This is a nice writeup.  A couple questions for now:
1. I assume this logic would be followed by some sort of digital filter to 
remove the unwanted Nyquist images.  Have you thought about how good of 
suppression you might be able to achieve, and at what FPGA resource and phase 
distortion cost?
2. Do you have an idea of the latency of the signal chain?  Say I wanted to do 
a phase lock by feeding new p1 values into the RTIO.  What sort of bandwidth 
could I achieve?

Thanks,
Dave

-Original Message-
From: Robert Jördens [mailto:r...@m-labs.hk] 
Sent: Sunday, July 31, 2016 5:32 AM
To: artiq@lists.m-labs.hk; Jonathan Mizrahi ; Sébastien 
Bourdeauducq ; Joe Britton ; 
Slichter, Daniel H. (Fed) ; Leibrandt, David R. (Fed) 
; Allcock, David T. (IntlAssoc) 
; Ken Brown 
Subject: Re: DSP gateware

Hello,

to fuel the discussion and planning of the smart arbitrary waveform generator 
requirements for the different applications, I did another extended design 
study for the proposed ARTIQ/Sayma DSP gateware and signal flow, looking at 
actual signal quality, resource usage and possible parametrizations.

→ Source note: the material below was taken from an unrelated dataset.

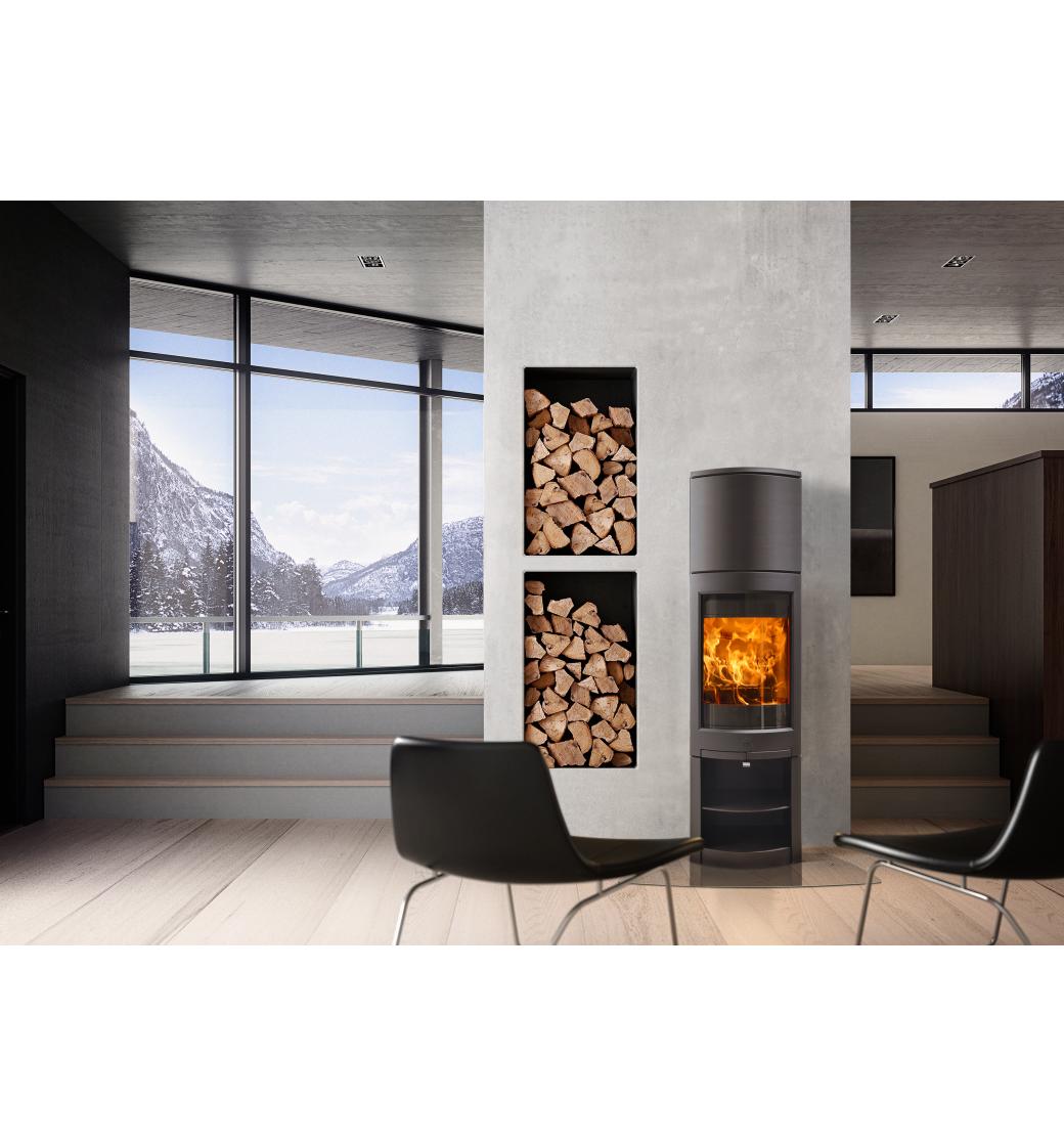 Jøtul F 361 Advance High Top jsou vysoká kamna s litinovým podstavcem a horním nástavcem, který lze instalovat s akumulačními prstenci (příslušenství na objednávku).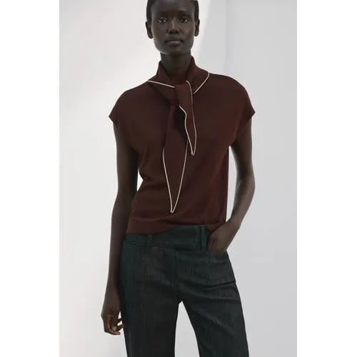 Deze Mango top is een fijne basic met een moderne twist. De top is gemaakt van een zachte gebreide stof en heeft een recht ontwerp dat soepel langs het lichaam valt. De effen kleur maakt het een veelzijdig item, terwijl het sjaaltje om de hals direct zorgt voor een verzorgde, aangeklede look. De korte mouw en luchtige materiaalcombinatie maken deze top geschikt voor zowel werk als vrije tijd.Comfortabele details in een strak ontwerp Zachte gebreide kwaliteit met een gladde, comfortabele touch Recht silhouet dat niet aftekent en prettig valt Sjaalkraag met vast sjaaltje om de hals voor een elegante afwerking Korte, rechte mouwen voor een rustige en tijdloze uitstraling Effen uitvoering, eenvoudig te combineren met broeken en rokken Verkrijgbaar in Plus, zodat dezelfde stijl ook in grotere maten te kiezen is Hoofdmateriaal: 83% viscose en 17% polyamide, kraag: 58% viscose en 42% polyamide Zonder zakken, wat zorgt voor een strakke en nette lookIdeaal voor werk, weekend en alles daartussenDeze top past net zo goed op een nette pantalon als op een relaxte jeans. Het sjaaltje om de hals geeft meteen structuur aan je outfit, waardoor je met weinig moeite verzorgd voor de dag komt.Stijl volgens MangoMango staat bekend om eigentijdse collecties waarin comfort en stijl samenkomen. De ontwerpen sluiten aan op het dagelijks leven, met aandacht voor pasvorm, draaggemak en een moderne uitstraling die lang mee kan.Een toegankelijke knit die je garderobe rustig, stijlvol en compleet maakt.

This time, take the following parametrization of a channel's output o:

z = (a1*exp(i*(f1*t+p1)) + a2*exp(i*(f2*t+p2))) * exp(i*(f0*t+p0)) o = u + 
b*Re(z) + c*Im(z_buddy)

* u and a are 16 bit cubic spline inteprolators
* p are 16 bit constant (non-) interpolators
* f are 48 bit linear interpolators
* z_buddy refers to the (complex, IQ) z data coming from each channel's "buddy" 
channel, ignore it for now
* b, c are switches (with values 0 or 1) that allow a bunch of different 
configurations, ignore them for now
* all spline interpolators (u, a, f, p) sample at 200 MHz
* the f1/p1 and f2/p2 oscillators sample at 200 MHz and their data is fed to 
the f0/p0 oscillator without interpolation
* the f0/p0 oscillator samples at 8*200 MHz = 1.6 GHz
* data width is at least 16 bit everywhere

This setup can -- for example -- generate a two-tone signal at 162 MHz and 238 
MHz by setting f0=157 MHz, f1=5 MHz, f2=81 MHz. The attached plot has the data 
and the spectrum from a bit-accurate simulation of the full FPGA gateware. 
Units are "natural" (sample rate=1, full
scale=1): the relevant tones are close to 0.1 and 0.15 sample rate.
Output amplitude is below clipping.

This is a bit-accurate representation of the data that would be sent to the 
DAC. Actual analog output would only differ by the DAC's interpolation and it's 
analog output transfer function and DAC noise.
Don't be confused by the way the samples look: this is only due to the 
un-interpolated data from the f1/f2 oscillators. Same goes for the Nyquist 
images all around. A very rough and conservative estimate for wideband SNR is > 
85 dB not counting the images. There are a lot of things that can be tweaked 
still, this demo is not supposed to be show the optimum.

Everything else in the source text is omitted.